Wonderful post listing great Beatles moments. The best part is that I can think of so many more. What a band.

March 31, 2006

I love this picture

The lyrics to the classic "Ca Plane Pour Moi," translated into English.

March 30, 2006

Old Friends, or, strip-mining the cultural landscape of my soul

Simon and Garfunkel "Live @ Central Park" DVD timecode for all the places where a liberal reading could indicate tension between Simon and Garfunkel (via Adriana)

March 28, 2006

music's defeat?

Sitting at home with the window open, listening to the tree branches brush against each other outside and the occasional horn-honks of Flatbush Ave, bark of dog and squeal of child... this uncomposed ambience is my creativity engine lately.
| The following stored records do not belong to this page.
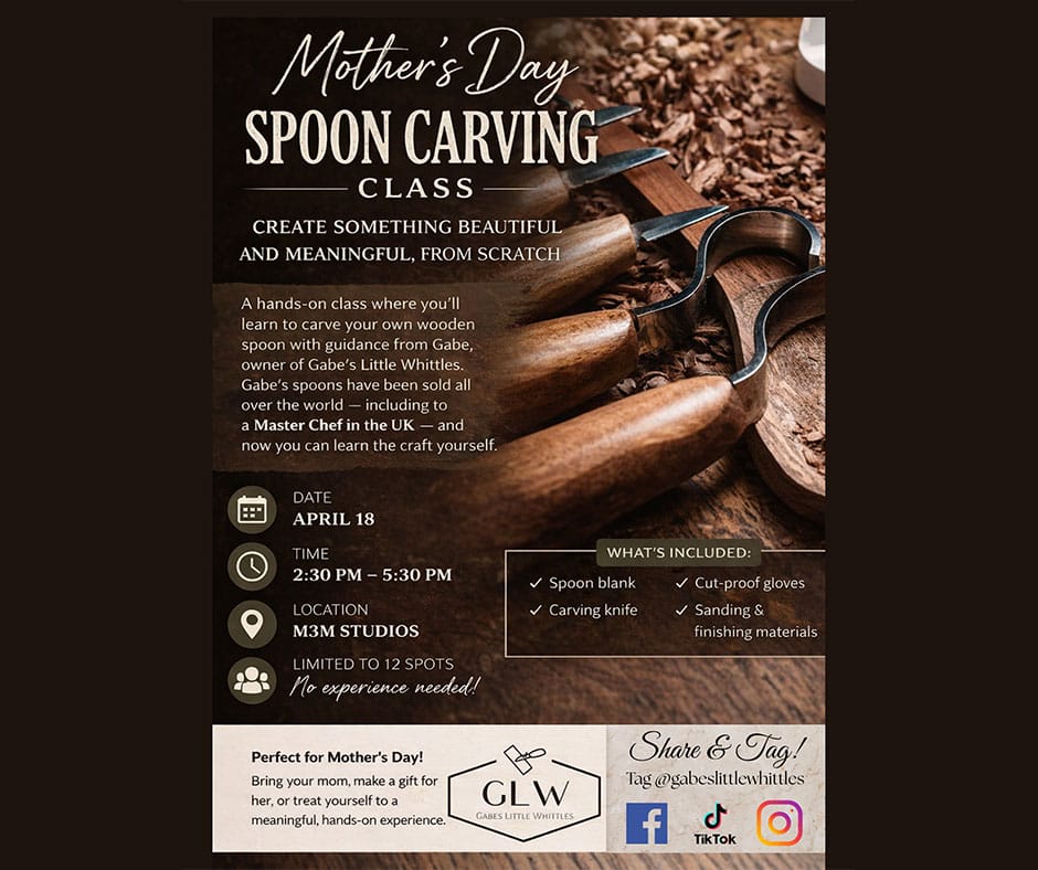 Mother’s Day Spoon Carving Class with Gabe’s Little Whittles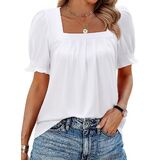 2026 Summer/Spring Essential – Lightweight & Cute Design:This siliteelon women's summer top is made for warm seasons—lightweight fabric keeps you cool on beach days or sunny vacation outings, with a pleated square neck and ruffle puff short sleeves that add girly chic flair. It fits right into casual moments, from grabbing coffee to strolling a garden, and the cute design feels fresh for 2026 trends without being over-the-top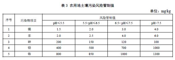 5.1農(nóng)用地土壤污染風(fēng)險管制項目包括鎘、汞、砷、鉛、鉻,風(fēng)險管制值見表3。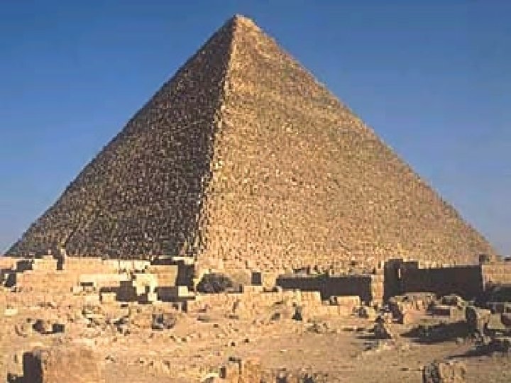 Pyramids Cont’d • Built by people who had not even begun to use the wheel yet • The Great Pyramid of Giza – Each stone weighted at least 2 ½ tons and some weighted up to 15 tons – More than 2 million blocks were stacked with precision to a height of 481 feet – The entire structure covered more than 13 acres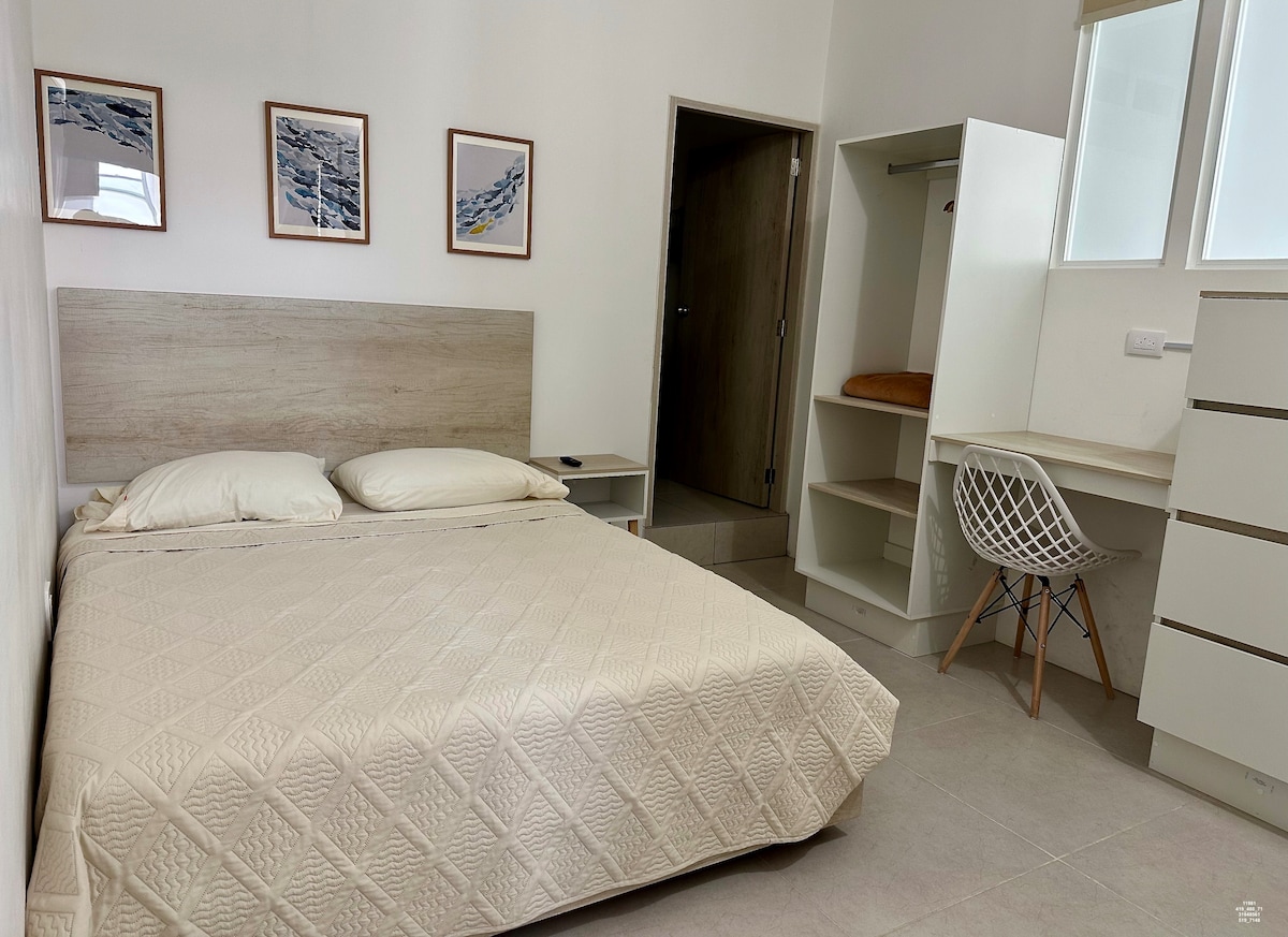 La suite esta equipada para brindar el mayor confort. Descanse en su cama con colchón memory foam mientras ve una película en la smart TV, WIFI alta velocidad. Disfrute de un buen baño en una regadera con acabados de alta calidad. Trabaje sin preocupaciones en el escritorio. Prepare comidas en la cocina totalmente equipada.
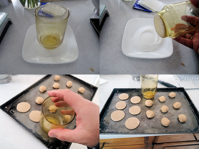 - Dip the glass in the sugar and press a cookie ball to about 3/16 inch thick with the sugar coated glass bottom. Dip the glass in the sugar and press the next cookie. Press all the cookies flat.

From a comment on Click opera - Ubiquity is the abyss.

March 20, 2006

want to wreck my stockings in some juke box dive

Bill Anderson created a bowling alley in the basement when their daughter was growing up. Eventually, his daughter developed enough skill to amass several trophies in the sport which will be on display.

Portrait of young Joni Mitchell

March 13, 2006

born slippy

Rick [Smith] came up with a rhythm and I started singing over it. The vocals were done in one take. When I lost my place, I'd repeat the same line; that's why it goes, "lager, lager, lager, lager".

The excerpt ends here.